As you may have heard, however, the Church of the Brethren has stated that we have “no Creed but the New Testament.” What this does is open up the conversation but also seek to reorient the Christian faith back toward discipleship, formation, and theological ethics—or orthopraxy—right practice. Brethren will note that the creeds jump from assertions of Jesus birth to death and resurrection as if the interim ministry of healing, feeding, teaching, reconciling, challenging oppression, and challenging religious practices done without the right motivation are of little or no importance.

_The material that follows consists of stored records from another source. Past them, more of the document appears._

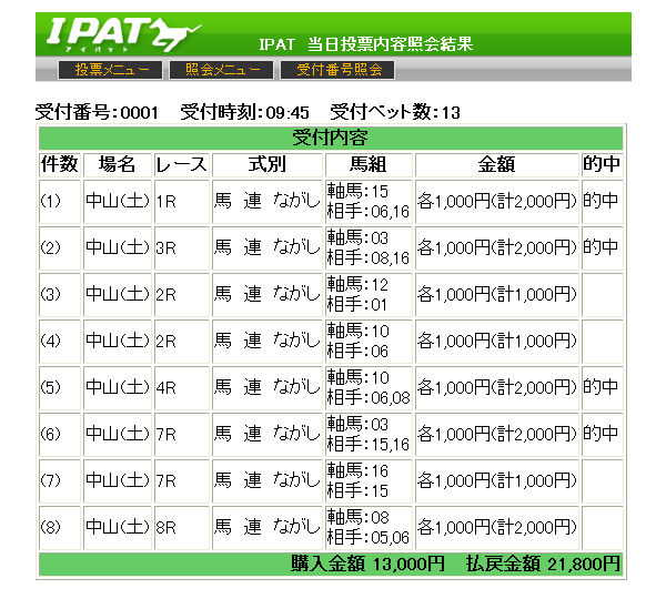 基本的には本命馬券が中心となります事をご理解くださいませ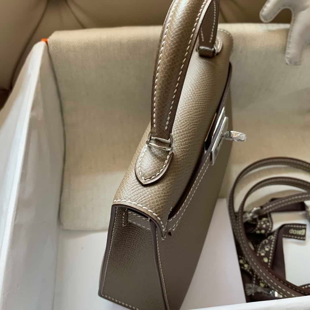 New arrival in stock ck18 elephant gray Mini 2nd generation 2nd generation original epsom leather silver buckle top full hand-stitched.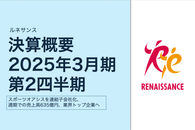 株式会社ルネサンスの2025年3月期第2四半期の決算(連結)は、売上高313.67億円(全年同期比48.3%増)、営業利益8.74億円(同210.2%増)、経常利益4.68億円(同118.9%増)、純利益2.22億円(同47.5%増)となった。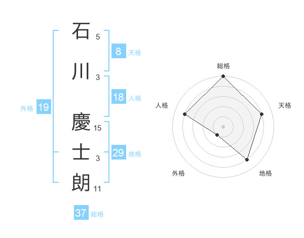 石川 慶士朗さんの総格は37画の5点!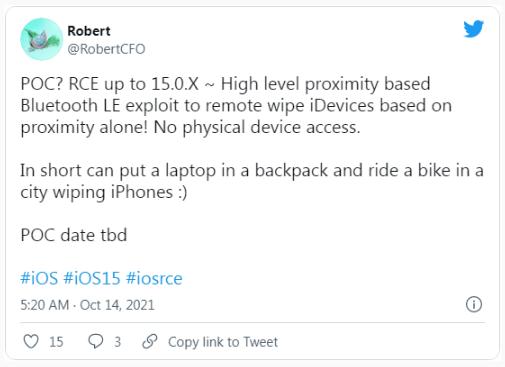早前,一位安全研究人員發(fā)現(xiàn)并報(bào)告了一個(gè)遠(yuǎn)程代碼執(zhí)行漏洞,或允許攻擊者擦除所有 iOS 設(shè)備的漏洞。@RobertCFO 周三發(fā)推稱,其能夠利用這個(gè)可在近距離發(fā)起攻擊的低功耗藍(lán)牙漏洞,在無(wú)需訪問(wèn)的情況下擦除受影響 iPhone 和 iPad 設(shè)備,且后續(xù)還會(huì)提供概念驗(yàn)證演示。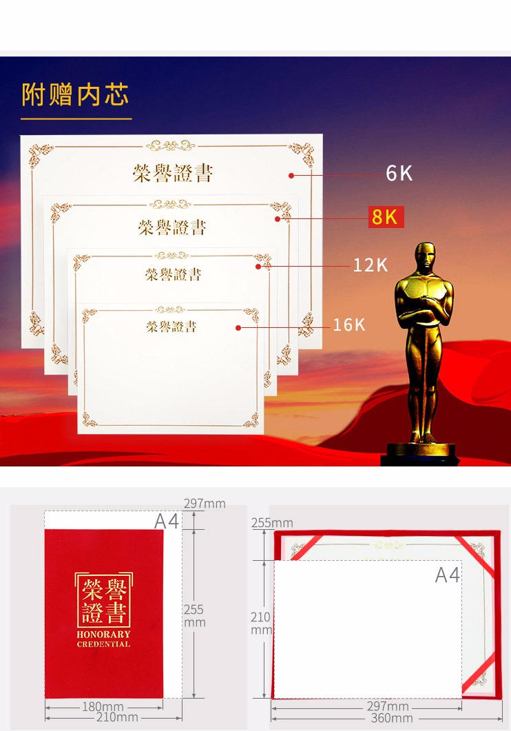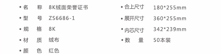 - 商品名称:广博(GuangBo)8K红色绒面荣誉证书带内芯 50本装 ZS6686-1

When we read of these three divine persons which are also claimed to be one we are rightly left at least a bit perplexed. How does this work? What is their relationship? Are they three manifestations of the same thing—like three sides of some curious coin? The same actor wearing answers to these questions and answers judged heretical and damaging sparked debate almost without end. It also sparked political rivalry, and even violence at times.

If the New Testament is our Creed what are we to make of the Trinity? I was tempted to try analogies or illustrations. However, it was precisely this sort of effort that ended up getting so many theologians and preachers in trouble. I was then tempted to drop in a fancy quote but even these tend to feel inadequate and when read or heard aloud are likely more incomprehensible than illuminating (I at least have trouble hearing and making sense of something better read slowly.)

Perhaps better than seek to perfectly explain it is better to allow mystery. The witness of scripture is both thorough and fragmentary. It tells of a mystery that requires a response. An Orthodox Theologian writes, “The Trinity is not a philosophical theory but the living God whom we worship; and so there comes a point in our approach to the Trinity when argumentation and analysis must give place to wordless prayer.” (Ware, The Orthodox Way)

Wordless prayer should probably be service—perhaps dragging and pushing a wagon full of dirt across Capitol Hill to make a garden to feed our neighbors and celebrate God’s good creation—perhaps in leading music (which I guess admittedly has words)—perhaps as watching a freewheeling toddler—or writing a blog which considers the work of peacemaking in relation to international conflict—perhaps in patience—perhaps in kindness—perhaps in welcoming a neighbor—perhaps in welcoming a homeless neighbor or Muslim neighbor—perhaps in____, perhaps…perhaps, perhaps.

Perhaps these things are the wordless prayer when done in response to the work of the Spirit in our lives, the love of God made manifest in Jesus—in short when done as worship. Of course (at least for me) the Trinity as a formal theological idea does not usually come to mind when doing this sort of thing—But the love of God which has begun reconciliation in us, the calling of Jesus to follow in the way of peace, and the filling of the Spirit which gives new language and empowers beyond what we can ask or imagine—this is the work of the Trinity. As we go, let us worship.